NSRI urges caution over full moon spring tide 

Published: December 28th, 2017

high-seas-plett-full-moon-spring-tide-high-waterNSRI are urging extreme public caution and safety awareness around the coast from today and over this coming weekend and next week.

The full moon spring tide peaks on Tuesday, 2 January.

From today, Thursday, 28th December, until around the 7th January, 2018, the full moon Spring Tide will have an affect on the coastline. 

High tide will be higher than normal, low tide will be lower than normal and as a result of this the Rip Currents will be stronger than normal.

NSRI are urging public awareness about Spring Tides to highlight safety around the coast and general safety to bathers, anglers, paddlers, sail boarders and boaters around the coast with this full moon Spring Tide now upon us beach bathers and shoreline anglers are most at risk.

Swim at beaches only where lifeguards are on duty and obey the safety instructions of the lifeguards and only swim within the safe swimming zones lifeguards mark (using their red and yellow flags).

Children should have responsible adult supervision in and around water.

Anglers fishing along the shoreline, particularly along rocks on the shoreline, are at greatest risk during the Spring Tide because incoming waves during the Spring high tides engulf higher than normal over rocks because of the higher than normal high tide.

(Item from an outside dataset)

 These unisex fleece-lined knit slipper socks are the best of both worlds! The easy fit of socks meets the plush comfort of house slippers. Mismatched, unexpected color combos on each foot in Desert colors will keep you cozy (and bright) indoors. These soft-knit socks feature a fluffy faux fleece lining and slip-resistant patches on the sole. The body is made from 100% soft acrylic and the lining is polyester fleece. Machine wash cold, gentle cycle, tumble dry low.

Anglers should not turn their back to the sea and should be vigilant and cautious of the wave action and the 2 high tides and 2 low tides daily while fishing.

Spring tide happens at every full moon and at every new moon affecting coastal water by causing a higher than normal high tide, a lower than normal low tide and as a result of this it causes rip currents to be stronger than normal.

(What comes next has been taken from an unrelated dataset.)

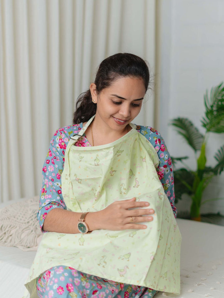The FIRSTIN Printed Poplin Feeding Apron designed to make feeding time easier and more enjoyable for both mom and baby.

Spring tide starts to build in intensity about 5 days before the full and new moon and spring tide peaks on the day of the full and new moon and the effects of the spring tide continues for about 5 days after the full and new moon.

Rip currents are found at every beach (along every coastline) everyday (not only during a Spring Tide).

Rip currents are a natural flowing river (channel) of water moving out to sea against the incoming waves.

Some rip currents have surface water strength and some rip currents have underwater strength. (it depends on the Topography of the coastline, factors such as natural phenomenon – rocks, islands, river mouths, gullies and such as man made structures – walls, jetties, harbours).

Some rip currents are constantly present (where there are rocks in the surf, at river mouths, around Islands and gullies and at man made structures like jetties, harbour walls, walls) and some rip currents form at different places during a day (mostly along open beaches where rip currents form at different places for brief periods in time only).

Bathers are urged to go to beaches where lifeguards are on duty and swim between the safe demarcated swimming areas that the lifeguards mark using their red and yellow flags.

Lifeguards may move the demarcated safe swimming area regularly during the day because sometimes a rip current can form unexpectedly.

But the lifeguards are always watching out for this and they then ask the bathers to move to the new safe area.

The 2nd January full moon will be a super moon.

The 31st January full moon will be a blue moon.

There will be no full moon in February – black moon.

Full Moon Spring Tide will occur on 02 January, 2018, and the next Spring Tide is the New Moon Spring Tide on 17 January, 2018.